Photo illustration by Peter Cady

Photo illustration by Peter Cady

Imagine a typical Friday night.

You battle for a cab to the beach. You walk 20 minutes away from the Grape down Fairfield Beach Road, and arrive at your beach house of choice only to be turned away. Not because you don’t know anyone or you’re one of seven guys in a no-female group, but for the same reason you did not get into the Grape tonight. Because you are not 21. When you finally reach the party you are asked for your StagCard by a fellow student for fear of suspension because he was caught serving underage students.

This is exactly what James Madison University is suggesting to students who live off campus — that they begin to run their houses like a bar or club. Keep those under 21-year-olds out of house parties by carding at the door. Why? Because they are going to begin punishing students for providing alcohol to students who are underage. If an individual receives two strikes, they are suspended for a semester.

For students James Madison, I hope that this does not crush the weekend plans of underage students, and that those who are 21 are not forced into asking to see a license before handing patrons a solo cup.

I hope this will never happen to us here at good ole Fairfield. However, Fairfield as a party school has suffered its own blows, threatening its legacy: no more Clam Jam (’02), no more kegs (’06), no basements (’07), no Spam Jam (’07) and many hours of FYE (’09).

However, one can understand the point that the school is making: don’t serve underage kids knowingly. The only issue here is that this is not a high school party. Instead, college is a place where one shouldn’t structure their friendships based on their date of birth.

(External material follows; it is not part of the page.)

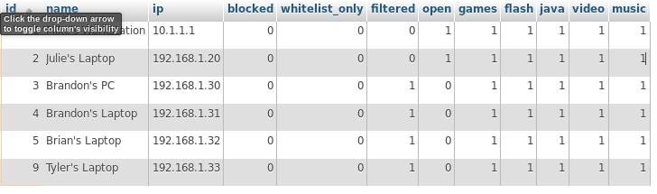 Because I don't want to write an actual interface for all of this, I simply use phpMyAdmin to update a database and set policy (Figure 1). In order to grant a particular access level, I simply update the corresponding cell in the grid, with 1 being on, and 0 being off.

The reasoning Josh Bacon, head of Judicial Affairs at JMU, cites is that, “This is just a strategy to keep students safe and to make better choices. It’s a response to the open parties held in the community.”

Our own school has used the safety argument to back up the no kegs policy and the locking the basements. The truth is that the Fairfield students has adapted to nearly every type of attempt to diminish any risky activities.

As any junior or senior at Fairfield can tell you, freshmen have a tendency to simply show up, invited or not, but you can almost always guarantee there is one there. And if freshmen are not drinking at the Townhouses or the Beach, they are going to be drinking in their dorms anyway.

So the game attempting to stop underage drinking futiley continues. We hope that ineffective measures such as carding at the door of house parties never reaches Fairfield University. And for our fellow students at JMU, you are welcome here, ID or not. Well, for now.